* [TASK ITEM]:
Write out the entire listing below exactly, with the pictures left out.

* [SOURCE DATA]:
§

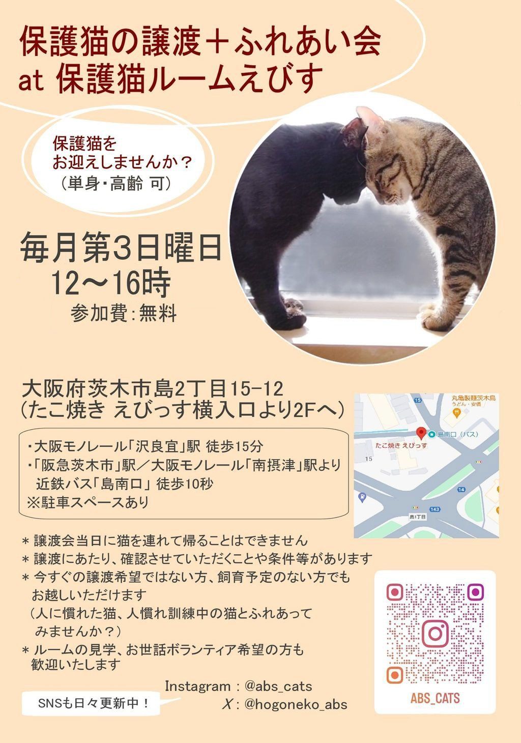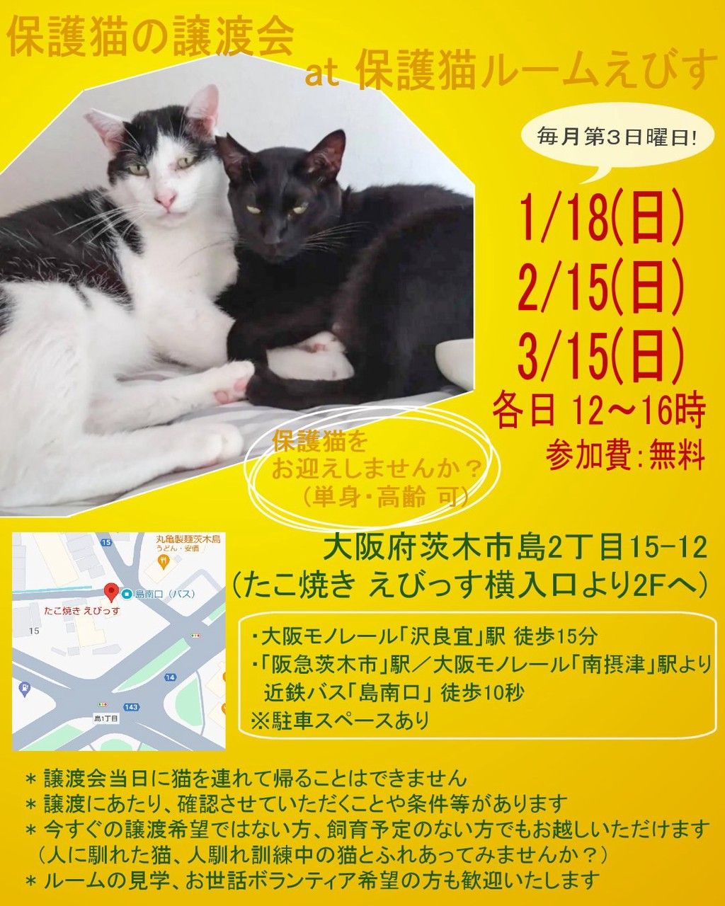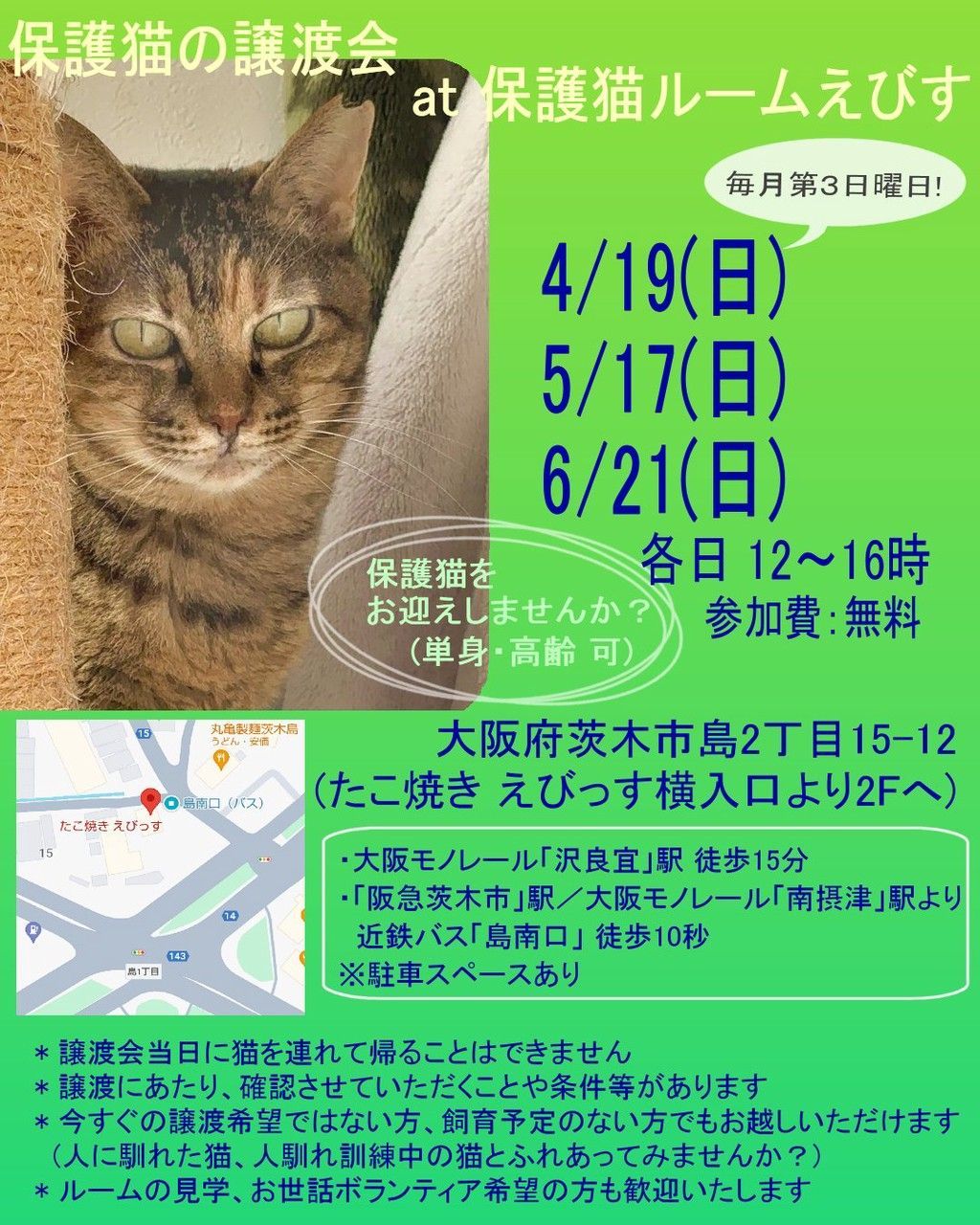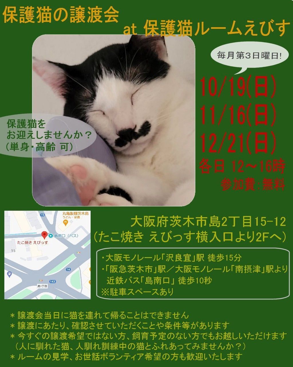 会場: 保護猫ルームえびす (大阪茨木市島2-15-12)
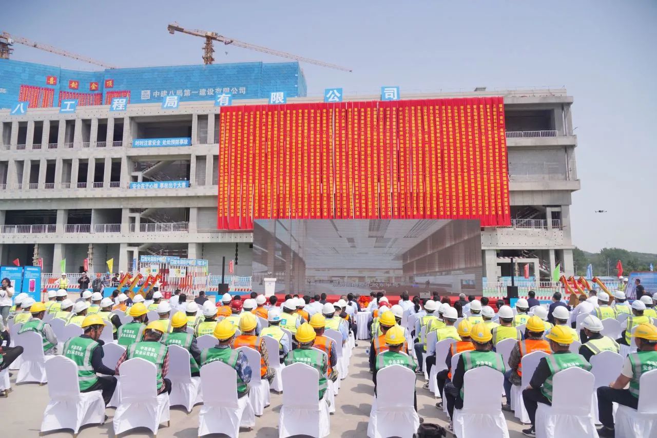 封頂儀式過后,項目舉辦勞動競賽啟動儀式,掀起大干熱潮!青島市住房和城鄉建設局一級調研員、青島市建設工會主席曾林,中建八局一公司青島公司相關負責人,以及工人代表90余人。
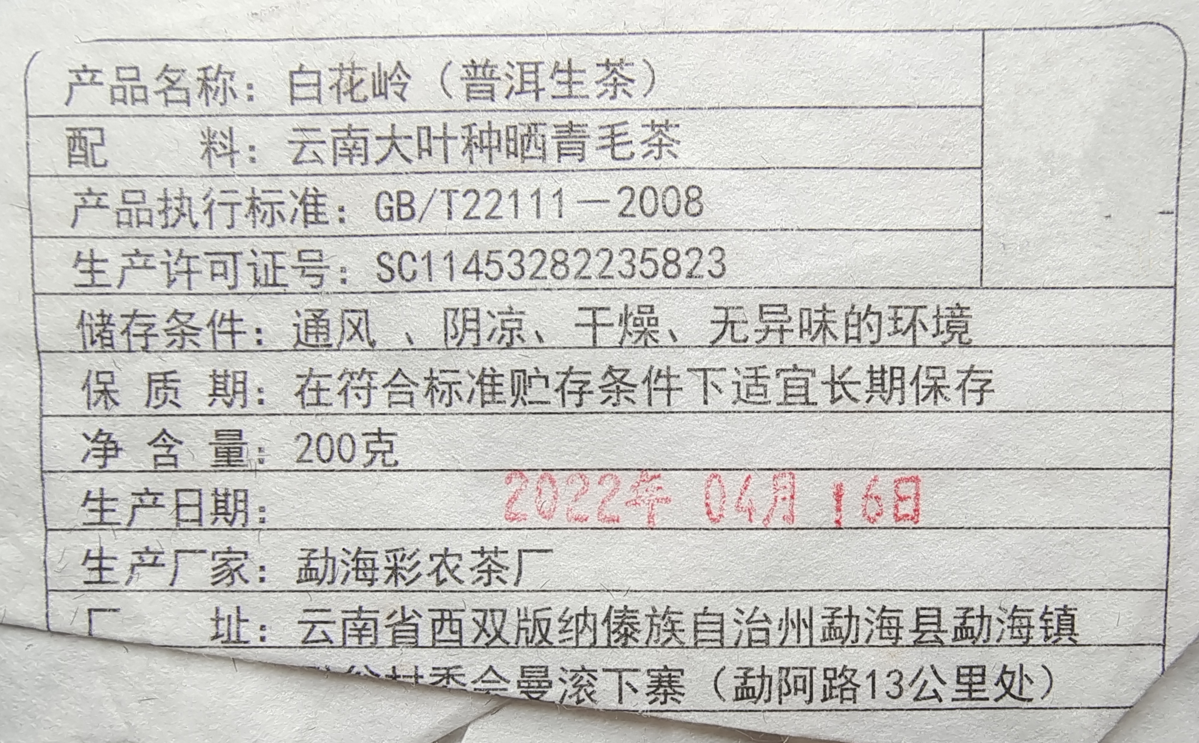 彩农茶|白花岭·2022春古树纯料青饼

§

* [OUTPUT OF THE TASK]:
 会場: 保護猫ルームえびす (大阪茨木市島2-15-12)
 封頂儀式過后,項目舉辦勞動競賽啟動儀式,掀起大干熱潮!青島市住房和城鄉建設局一級調研員、青島市建設工會主席曾林,中建八局一公司青島公司相關負責人,以及工人代表90余人。
 彩农茶|白花岭·2022春古树纯料青饼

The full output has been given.